> _PROBLEM TO WORK ON_
The reply should hold only the lines below beginning at the one with "Женские туфли на" and ending at the one with "- 游戏中玩法很简单,玩家要", copied exactly, with every picture left out.

> _DATASET SECTION_
====

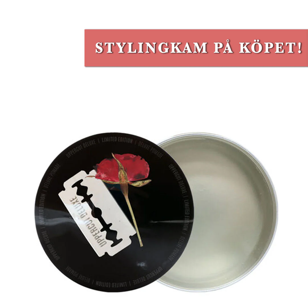 Uppercut Deluxe Resin & Rose Deluxe Pomade är en limiterad utgåva av den klassiska Deluxe Pomade, nu med en genomskinlig formula som speglar det eleganta hartslocket. Pomadan har en exklusiv och subtil rosdoft – utan en antydan av mormors byrålåda.
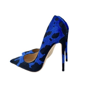 Женские туфли на шпильке, высокие туфли без застежек, нескользящая подошва, большие размеры 12 см/10 см/8 см, с узором из шерсти крупного рогатого скота, для весны
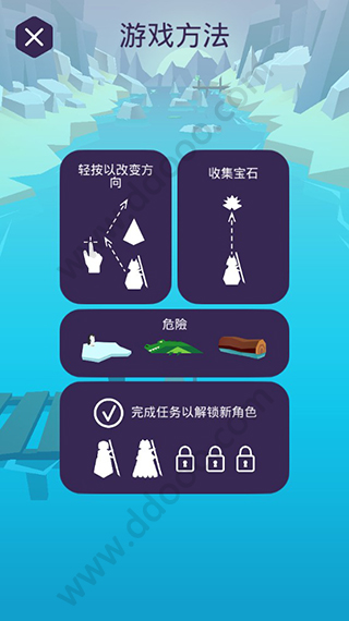 - 游戏中玩法很简单,玩家要操控一只小动物驾驶着小船在一条满是障碍物的小河上漂流,必须不断避开障碍、去到更远才能收集到更多宝石!
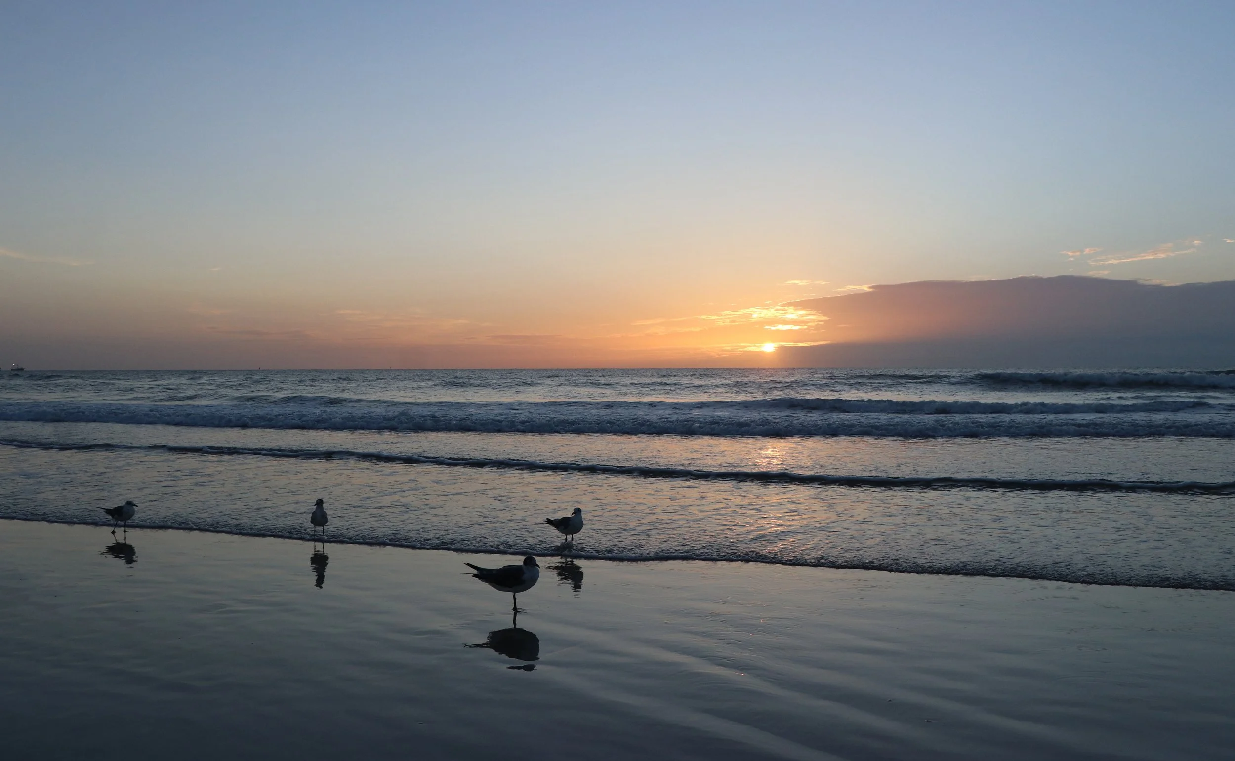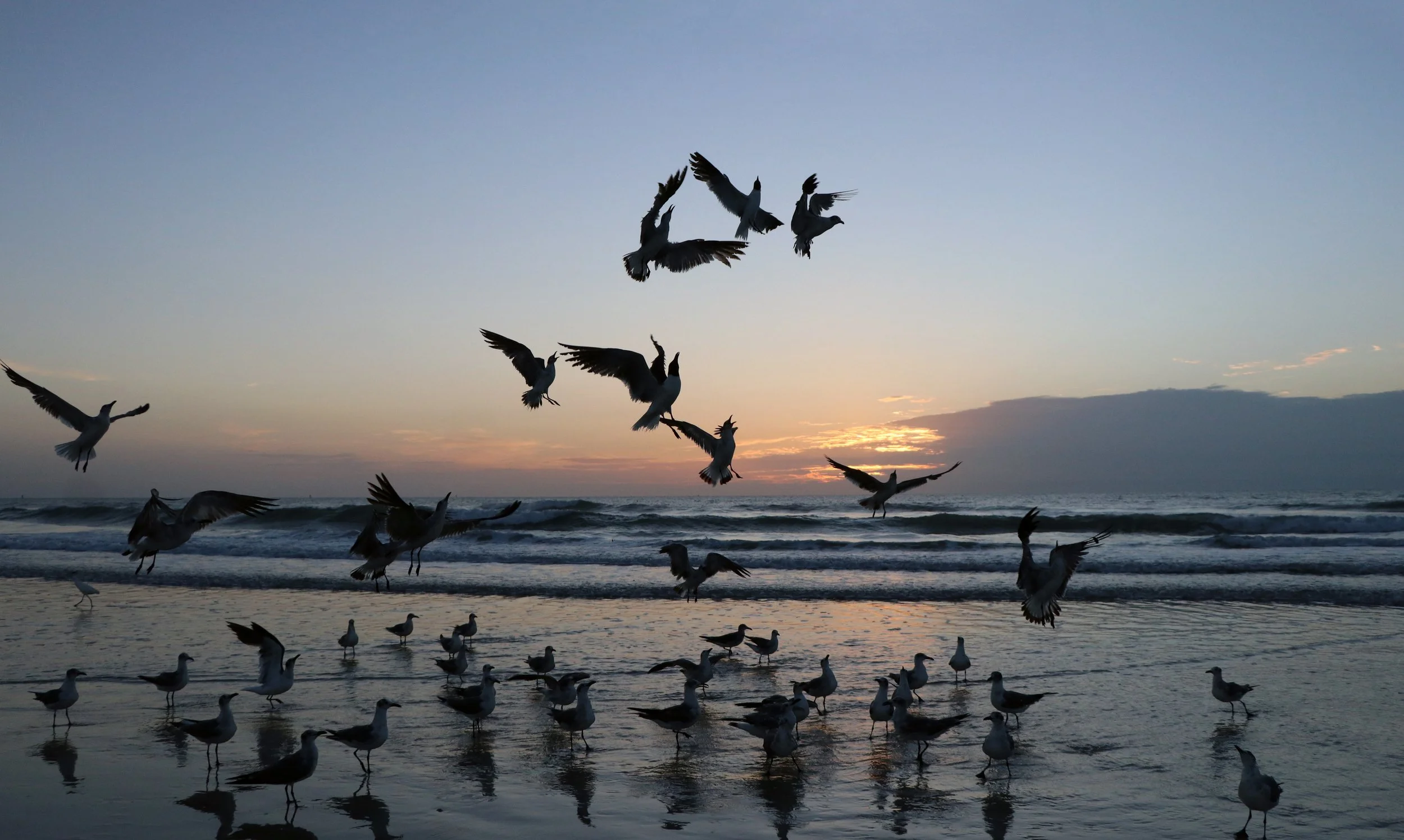The flock of seagulls flew in hot and chatty today. They were extra frisky, playing in the water as the waves rolled in. They always seem to be able to express themselves with passion.

====

> _EXERCISE RESULT_
 Женские туфли на шпильке, высокие туфли без застежек, нескользящая подошва, большие размеры 12 см/10 см/8 см, с узором из шерсти крупного рогатого скота, для весны
 - 游戏中玩法很简单,玩家要操控一只小动物驾驶着小船在一条满是障碍物的小河上漂流,必须不断避开障碍、去到更远才能收集到更多宝石!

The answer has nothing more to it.